[THE DATA Boundary: Start]

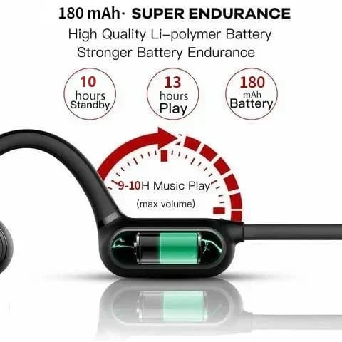 Bone Conduction Technology: Now enjoy hours of music without damaging your earbuds. It features bone conduction technology that creates vibrations to transmit sound through the bones of your face (jawbones and cheekbones) directly to the inner ear. The wrap-around-design makes it extremely lightweight, flexible and provides custom and secure fit.
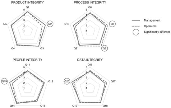 A more detailed analysis at each single indicator level revealed statistical differences between management and operators in five indicators (Q2, Q7, Q8, Q15, and Q20), as shown in Table A1 in Appendix B and represented in Figure 3. Managers scored higher than operators in Q2, Q15, and Q20, where two of these indicators (Q15 and Q20) are related to the climate component resources regarding respectively people and data integrity, while Q2 concerns the component communication in relation to product integrity. Operators perceived the climate components communication (Q7) and commitment (Q8) regarding the process integrity better than managers.
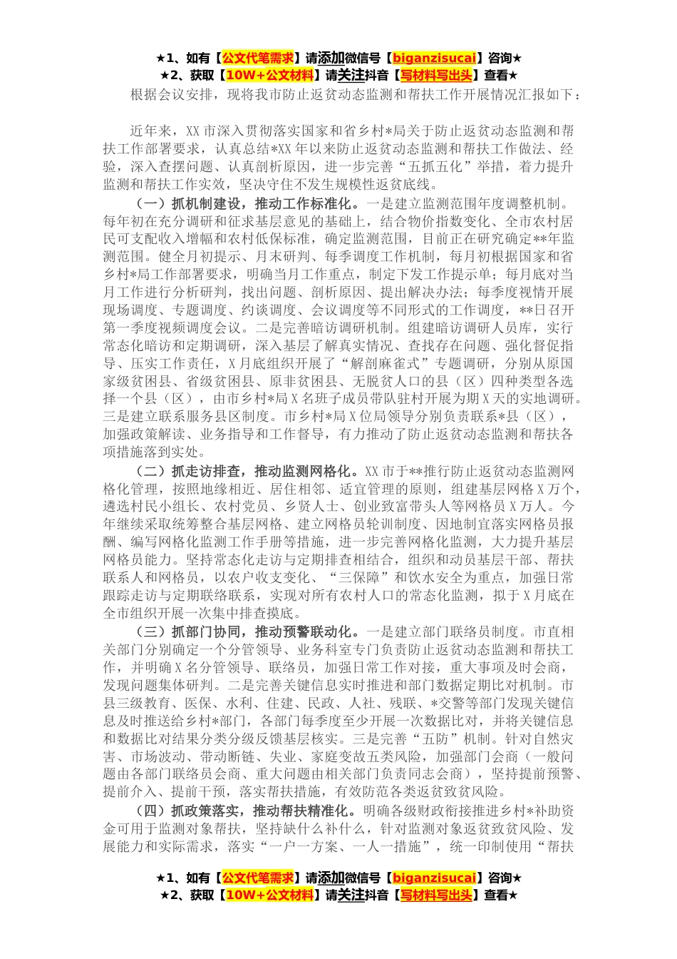 ★1、如有【公文代笔需求】请添加微信号【biganzisucai】咨询★★2、获取【10W+公文材料】请关注抖音【写材料写出头】查看★根据会议安排,现将我市防止返贫动态监测和帮扶工作开展情况汇报如下:近年来,XX市深入贯彻落实国家和省乡村*局关于防止返贫动态监测和帮扶工作部署要求,认真总结*XX年以来防止返贫动态监测和帮扶工作做法、经验,深入查摆问题、认真剖析原因,进一步完善“五抓五化”举措,着力提升监测和帮扶工作实效,坚决守住不发生规模性返贫底线。(一)抓机制建设,推动工作标准化。一是建立监测范围年度调整机制。每年初在充分调研和征求基层意见的基础上,结合物价指数变化、全市农村居民可支配收入增幅和农村低保标准,确定监测范围,目前正在研究确定**年监测范围。健全月初提示、月末研判、...
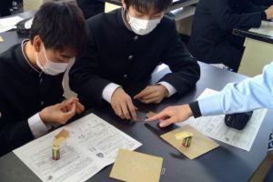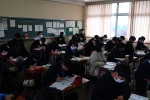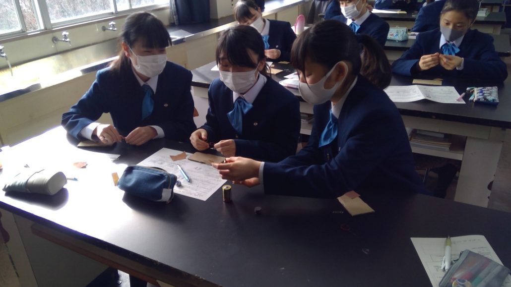 本日は、第4時限に1年8組の「数学Ⅱ」で、5時限に1年1組の「物理基礎」で研究授業が行われました。数学は、複素数という新しい単元で、概念を学んだ後、練習問題に取り組みました。物理は電気エネルギーの単元で、電気モーターの原理を学んだ後、クリップモーターの作成に取り組みました。1・2年生は、昨日から学年末考査の期間に入っています。計画を立てて取り組んでください。3年生は、授業は今日で一区切りです。国公立二次試験に向けて、最後まで全力で取り組みましょう。
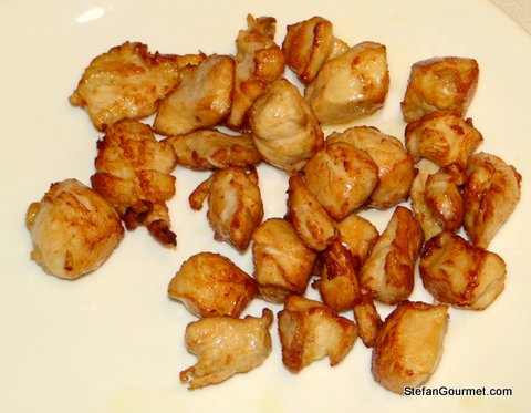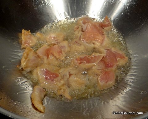 Add the chicken when the oil is very hot. Stir-fry just until golden.
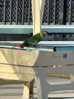 This bird was found at Del Mar High School in San Jose CA. Very friendly and appears well taken care of. He was just really thirsty and hungry and flew to the pool during swim practice. I would really like to find the family as I’m sure they are very upset about their missing pet and the little guy is probably home sick.
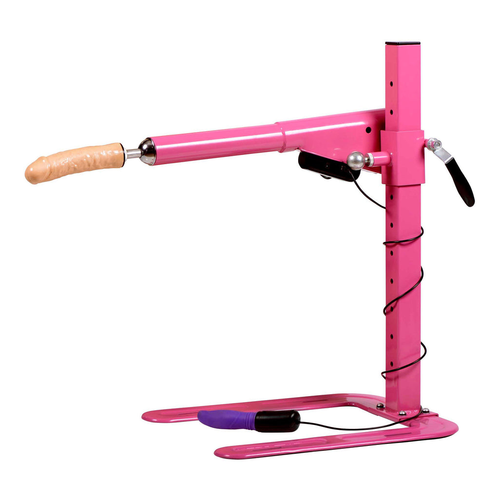 Measurements: Machine: 27 inches in height; Base: 20 inches in length, 16 inches in width; Thrusting arm: Adjusts from 6 inches to 22 inches in height; Stroke length with 7 inch attachment: Approximately 3 inches; Penis dildo: 7 inches in length, 2 inches in diameter; Anal dildo: 6.25 inches in length, 1.5 inches wide; Vibrating remote: 7.5 inches in total length, 4.5 inches insertable, 1.35 inches in diameter
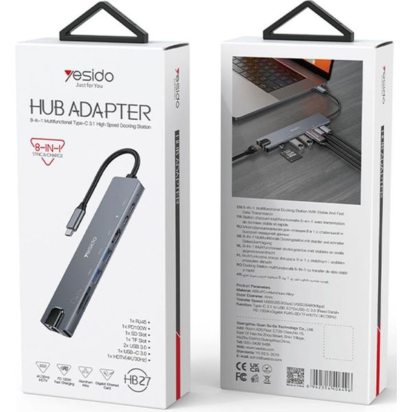 YESIDO HB27 USB-C HUB 8IN1 GREY PER.620678 YESIDO YESIDO USB HUB
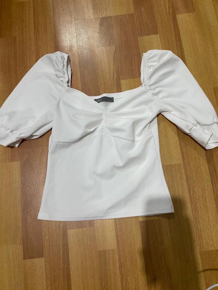 Beyaz mini bluz, kısa kabarık kollu ve kayık yaka detaylıdır. Düz, sentetik kumaştan yapılmış olup, şık ve minimal bir görünüme sahiptir.
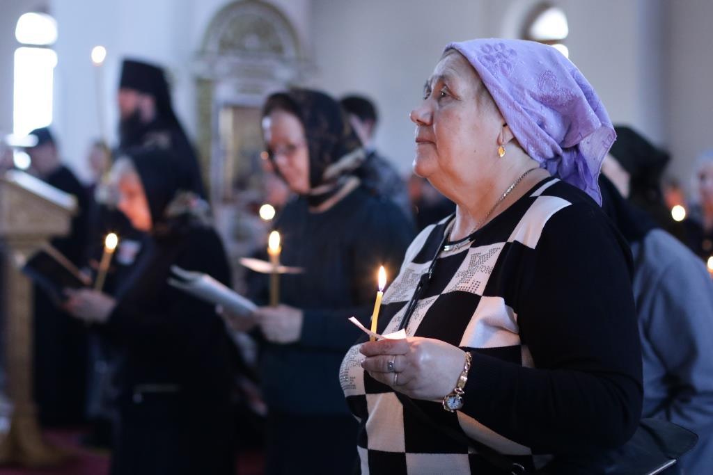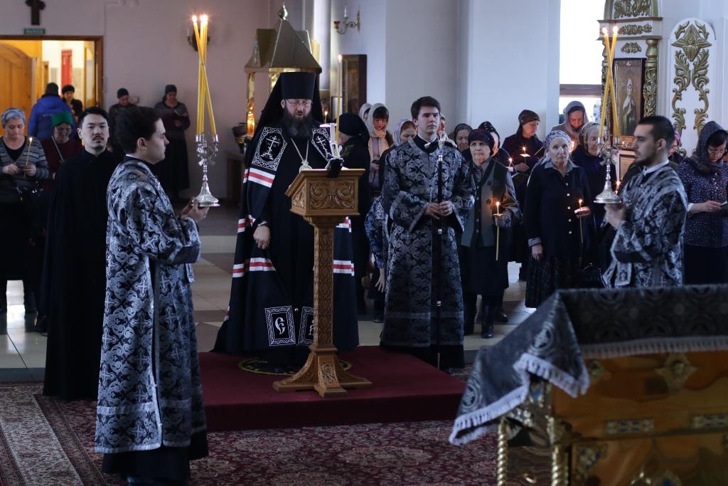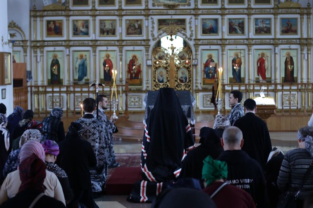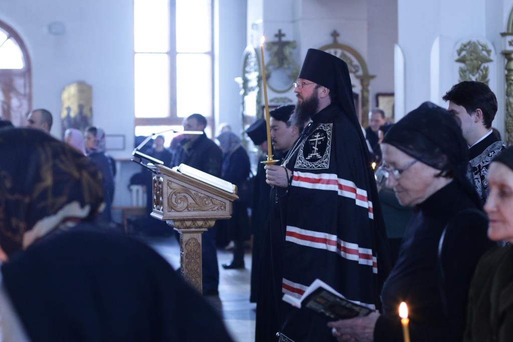В первый день Святой Четыредесятницы в Свято-Андреевском кафедральном соборе города Усть-Каменогорска были совершены уставные великопостные богослужения – утреня, часы, изобразительны и вечерня. Вечером первого дня Великого поста Преосвященнейший епископ Усть-Каменогорский и Семипалатинский Амфилохий возглавил служение Великого повечерия с чтением первой части Великого покаянного канона преподобного Андрея Критского.

[THE DATA Boundary: End]

TASK TO CARRY OUT
Please reproduce the lines exactly from the one containing "Measurements: Machine: 27" through the last line of the data above, and keep the pictures out.

EXERCISE OUTPUT
 Measurements: Machine: 27 inches in height; Base: 20 inches in length, 16 inches in width; Thrusting arm: Adjusts from 6 inches to 22 inches in height; Stroke length with 7 inch attachment: Approximately 3 inches; Penis dildo: 7 inches in length, 2 inches in diameter; Anal dildo: 6.25 inches in length, 1.5 inches wide; Vibrating remote: 7.5 inches in total length, 4.5 inches insertable, 1.35 inches in diameter
 YESIDO HB27 USB-C HUB 8IN1 GREY PER.620678 YESIDO YESIDO USB HUB
 Beyaz mini bluz, kısa kabarık kollu ve kayık yaka detaylıdır. Düz, sentetik kumaştan yapılmış olup, şık ve minimal bir görünüme sahiptir.
В первый день Святой Четыредесятницы в Свято-Андреевском кафедральном соборе города Усть-Каменогорска были совершены уставные великопостные богослужения – утреня, часы, изобразительны и вечерня. Вечером первого дня Великого поста Преосвященнейший епископ Усть-Каменогорский и Семипалатинский Амфилохий возглавил служение Великого повечерия с чтением первой части Великого покаянного канона преподобного Андрея Критского.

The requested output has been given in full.